Functioning out of their kitchen in Lajpat Nagar, in south Delhi, they now deliver and have freezers in Hyderabad, Lucknow, Jaipur and Jodhpur. Cold Love sells around 100 litres of ice-cream a day.
While not formally trained in the making of ice-cream, Tripathi has kept improving and learning on the go. He now has a trusty team of chefs who treat the making of ice-cream like a science. His experimentation mixed with their expertise works as a great combination.
The milk is sourced from free-ranging cows and all ingredients used are grown in India. Their fruit ice-creams are made of actual fruit, making the ice-cream seasonal in nature.
This makes for a dynamic menu that is constantly changing. Currently, they offer 16 flavours including sugar-free ice-creams, experimental flavours, seasonal fruit ice-creams, and a vegan option called Vegan Almond Milk Coffee. They update their menu often to give their customers new flavours to look forward to and try.
What sets outfits like Cold Love apart is the intimate manner in which they make their ice-creams. The close attention given to the making as well as the delivery process and storage, provides a curated experience as unique as the flavours.
“The development of a new flavour is about a two-week, three-week process,” Tripathi says, highlighting the multiple rounds of feedback and testing in the kitchen with the chefs, testers, friends and the rest of the team.
After a flavour is finalized and the precise measurements are noted, the ingredients are prepared, melted, chopped and aged for 24 hours. The ice-cream is then put into a hot churner with a high temperature.Immediately after it is put in a cold churner where it is mixed. The thick semi-frozen liquid is then put in a blast freezer which transforms the liquid into ice-cream that is ready to be delivered. This process ensures the smooth texture and no crystallization.
Along with well-thought-out flavours, the process of updating the menu and the flavours draws on consumer feedback.
Their bestseller, Salted Butter Caramel, made by caramelizing sugar on low heat, has seen reformulations thanks to customer responses.
“In the end, the final judge of a flavour and how well it will do is the customer. We test our unique flavours in farmers’ markets, cafes, etc and take feedback,” says Tripathi.

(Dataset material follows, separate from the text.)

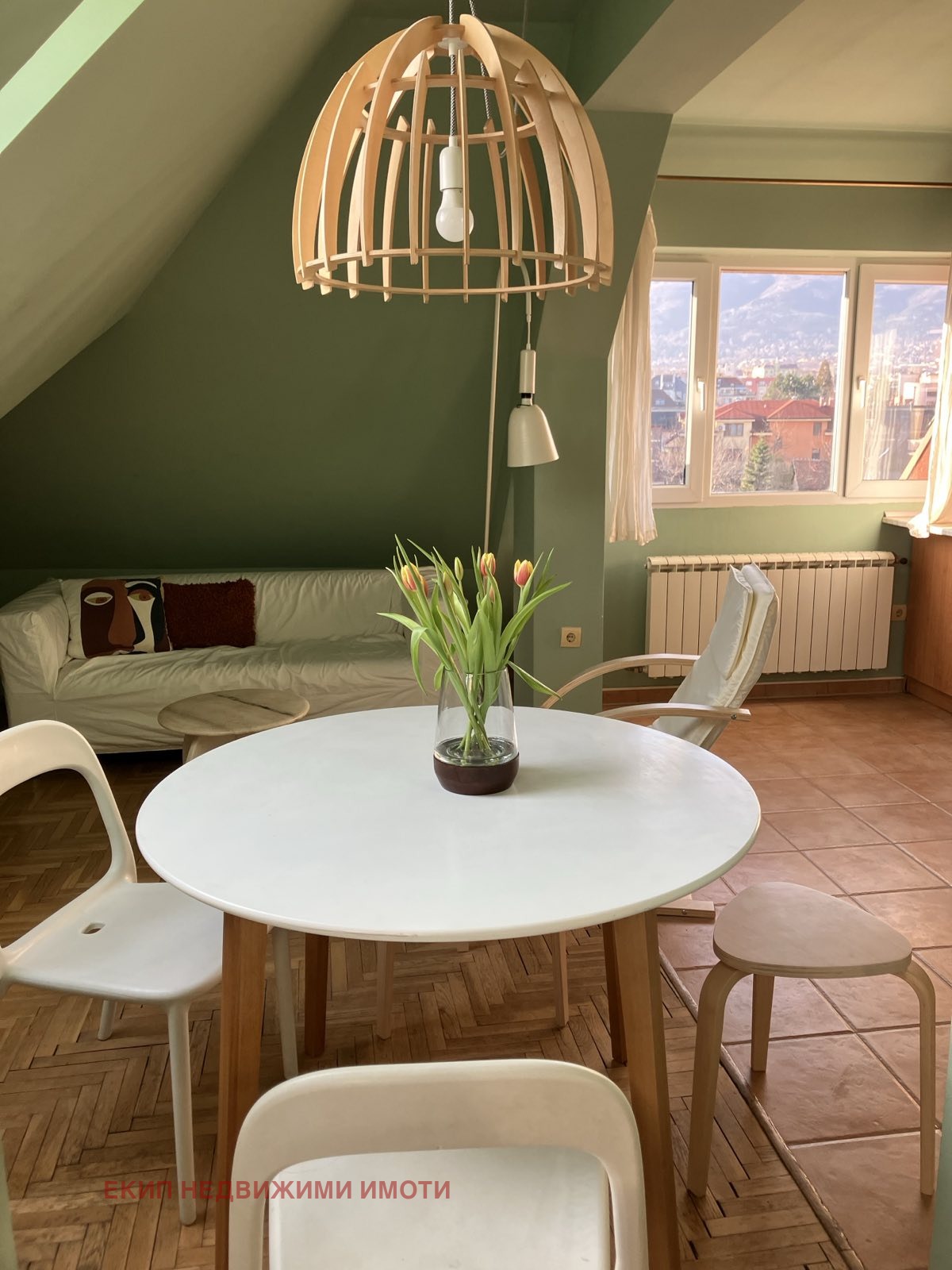 Хубав, слънчев, просторен апартамент, тип студио, обзаведен, кухнята е оборудвана с всички необходими ел.уреди, трапезна маса със столове, диван, артистично вградени секционни шкафове, разчупена визия на мебелите. Дограми ПВЦ, подови настилки теракот и естествен паркет, баня на теракот и фаянс, климатик за отопление и охлаждане. Прекрасна панорама към Витоша, изложение юг/изток.

Tripathi at first shies away from naming a favourite flavour. “It is like asking a parent to choose a favourite child,” he says. But, prodded, he says he would go for Jamun Sorbet, which is really an ice minus the cream.

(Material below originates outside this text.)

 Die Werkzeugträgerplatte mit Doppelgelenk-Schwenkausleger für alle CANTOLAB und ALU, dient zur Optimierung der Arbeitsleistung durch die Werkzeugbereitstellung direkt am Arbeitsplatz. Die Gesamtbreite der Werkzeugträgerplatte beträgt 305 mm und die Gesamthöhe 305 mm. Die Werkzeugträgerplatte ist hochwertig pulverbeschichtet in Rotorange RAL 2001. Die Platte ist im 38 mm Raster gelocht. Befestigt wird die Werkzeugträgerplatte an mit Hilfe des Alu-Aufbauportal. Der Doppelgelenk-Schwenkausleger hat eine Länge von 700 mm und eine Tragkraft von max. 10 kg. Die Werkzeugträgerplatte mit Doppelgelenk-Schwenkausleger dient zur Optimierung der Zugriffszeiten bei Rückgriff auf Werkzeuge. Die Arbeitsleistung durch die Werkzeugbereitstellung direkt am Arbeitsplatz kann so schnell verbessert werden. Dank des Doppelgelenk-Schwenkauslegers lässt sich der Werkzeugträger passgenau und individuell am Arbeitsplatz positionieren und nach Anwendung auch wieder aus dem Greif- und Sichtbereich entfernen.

“I have phases with the flavours, I am enjoying the Jamun Sorbet not only because of the taste but also the colour which was a feat for us to achieve,” he says.
The Jamun Sorbet, which is a frozen dairy-free dessert made with water and fruit, was brought back owing to popular demand and specific requests from customers.
While we think that their Spiced Walnut & Rum ice-cream is an acquired taste, we are true fans of their Chocolate Fudge-A-Licious, Dark Choc & Orange, and the Jamun Sorbet.
The product, being perishable, required large amounts of research on delivery and storage; the process of making it was just half the work. In the NCR, Cold Love only delivers fresh ice-cream. So, we are told, what you order online is what you will get from the batch of the day.
But there are also ice-cream parlours in Noida and Jodhpur. Recently, Cold Love has opened a cafe in Connaught Place with Blue Tokai, serving affogatos, waffles, crepes, coffee, and of course, ice-cream. You can buy Cold Love in Hyderabad and Bengaluru too.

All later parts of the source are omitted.